START DATA

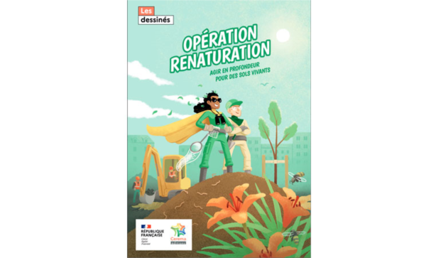 Cette publication en bande dessinées explique les principes de la renaturation des sols qui permet de restituer leurs fonctionnalités et leur vitalité. C’est ainsi qu’ils pourront jouer le rôle clé qu’ils tiennent dans la lutte contre le changement climatique. Les sols sont en effet au cœur des enjeux d'adaptation au changement climatique en particulier dans la lutte contre les ilots de chaleur.
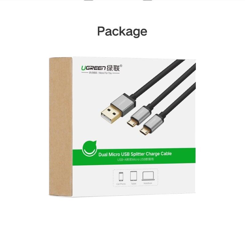 ✨Ugreen UG40347US196TK 0.5M màu Đen Cáp sạc truyền dữ liệu USB 2.0 sang 2 đầu MICRO USB cao cấp - HÀNG CHÍNH HÃNG
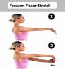 통증이 있는 팔쪽의 손바닥이 위로 향하게 완전히 폅니다. 손목을 구부리고 다른 손으로 손가락을 움켜 잡고 아래쪽으로 당깁니다. 한 번 스트레칭 시 10~15초 동안 유지합니다.
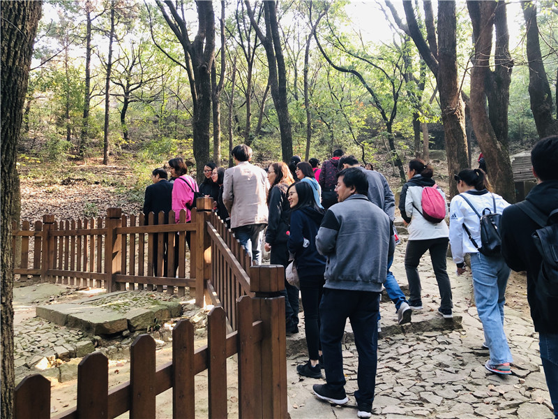 首先到达的是景点“佛手”,大家精力充沛,笑容满面,一路登高,一路欢声笑语不断,20分钟左右,一行人已经全数抵达“天池”景点,这里奇秀清悠,宛如仙境,令人心旷神怡。稍作休息之后,大家继续登高,途径洗心池、莲花亭、御览亭、云亭等,每一处小小的景都给教职员工们带来不小的惊喜,忍不住感叹大自然金秋之美。
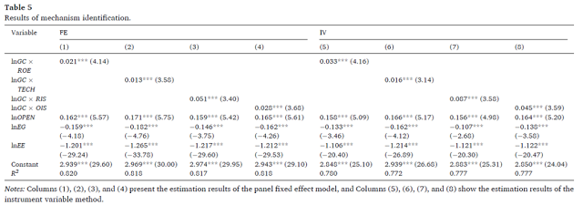 綠色信貸估計系數(shù)是正的,在1%的顯著性水平上是顯著的,這表明減少流向重污染企業(yè)的金融資源(即綠色信貸政策的強化)有助于減少污染。換句話說,在研究期間,中國的綠色信貸政策對改善環(huán)境質(zhì)量起到了全面的作用。
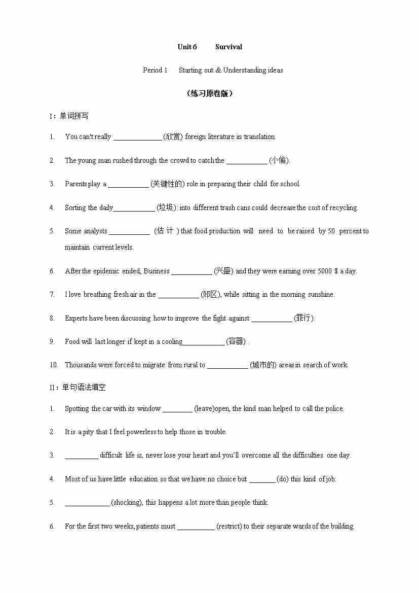 Unit 6 Survival Period 1 Starting out and understanding ideas 练习(原卷版)
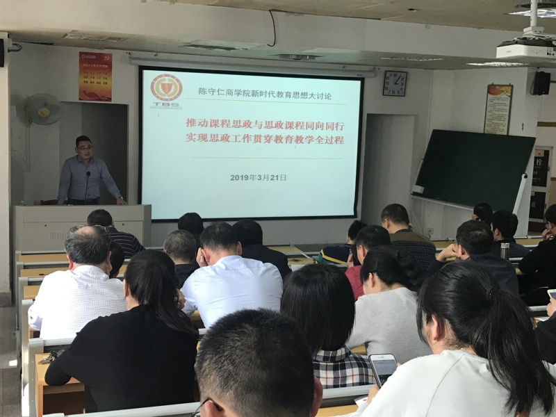 为贯彻落实全国教育大会和新时代全国高等学校本科教育工作会议精神,学习贯彻习近平总书记在学校思想政治理论课教师座谈会上重要讲话,进一步提升陈守仁商学院思政工作水平,2019年3月21日,学院举办新时代教育思想大讨论“院长论坛”,许旭红副院长为全院教职工作题为《推动课程思政与思政课程同向同行 实现思政工作贯穿教育教学全过程》的专题报告。许副院长紧扣“高校培养什么人、如何培养人以及为谁培养人”这一根本问题,从新时代高校育人要求和高校思政工作现状谈起,阐述课程思政与思政课程的关系,指出两者在育人过程中,思政课程是主渠道,课程思政起辅助促进作用,因此各门课要“守好一段渠、种好责任田”,充分挖掘课程自身的思政教育资源,将思政教育融入课程教学各环节各方面,润物无声地实现立德树人目标。许副院长指出,课程思政与思政课程同向同行问题,是认识与实践的统一性问题。课程思政方向要向思政课程靠拢,在政治上、信仰上、核心价值观上保持一致,才能达到知行合一,形成协同育人效应。最后,许副院长根据学院课程思政的具体情况,要求学院教师要真正“回归本分”,多学多思多悟多行,打牢自身思想政治素养,尽快提炼核心课程,用好已有重要渠道,扎实开展教研共享,实现思政工作贯穿教育教学全过程,努力培养德智体美劳全面发展的社会主义建设者和接班人。

END DATA

* _REQUIRED WORK_
Say again, word for word, every line from the one with "綠色信貸估計系數(shù)是" through the last line of the data above, minus the pictures.

* _WORKED SOLUTION_
 綠色信貸估計系數(shù)是正的,在1%的顯著性水平上是顯著的,這表明減少流向重污染企業(yè)的金融資源(即綠色信貸政策的強化)有助于減少污染。換句話說,在研究期間,中國的綠色信貸政策對改善環(huán)境質(zhì)量起到了全面的作用。
 Unit 6 Survival Period 1 Starting out and understanding ideas 练习(原卷版)
 为贯彻落实全国教育大会和新时代全国高等学校本科教育工作会议精神,学习贯彻习近平总书记在学校思想政治理论课教师座谈会上重要讲话,进一步提升陈守仁商学院思政工作水平,2019年3月21日,学院举办新时代教育思想大讨论“院长论坛”,许旭红副院长为全院教职工作题为《推动课程思政与思政课程同向同行 实现思政工作贯穿教育教学全过程》的专题报告。许副院长紧扣“高校培养什么人、如何培养人以及为谁培养人”这一根本问题,从新时代高校育人要求和高校思政工作现状谈起,阐述课程思政与思政课程的关系,指出两者在育人过程中,思政课程是主渠道,课程思政起辅助促进作用,因此各门课要“守好一段渠、种好责任田”,充分挖掘课程自身的思政教育资源,将思政教育融入课程教学各环节各方面,润物无声地实现立德树人目标。许副院长指出,课程思政与思政课程同向同行问题,是认识与实践的统一性问题。课程思政方向要向思政课程靠拢,在政治上、信仰上、核心价值观上保持一致,才能达到知行合一,形成协同育人效应。最后,许副院长根据学院课程思政的具体情况,要求学院教师要真正“回归本分”,多学多思多悟多行,打牢自身思想政治素养,尽快提炼核心课程,用好已有重要渠道,扎实开展教研共享,实现思政工作贯穿教育教学全过程,努力培养德智体美劳全面发展的社会主义建设者和接班人。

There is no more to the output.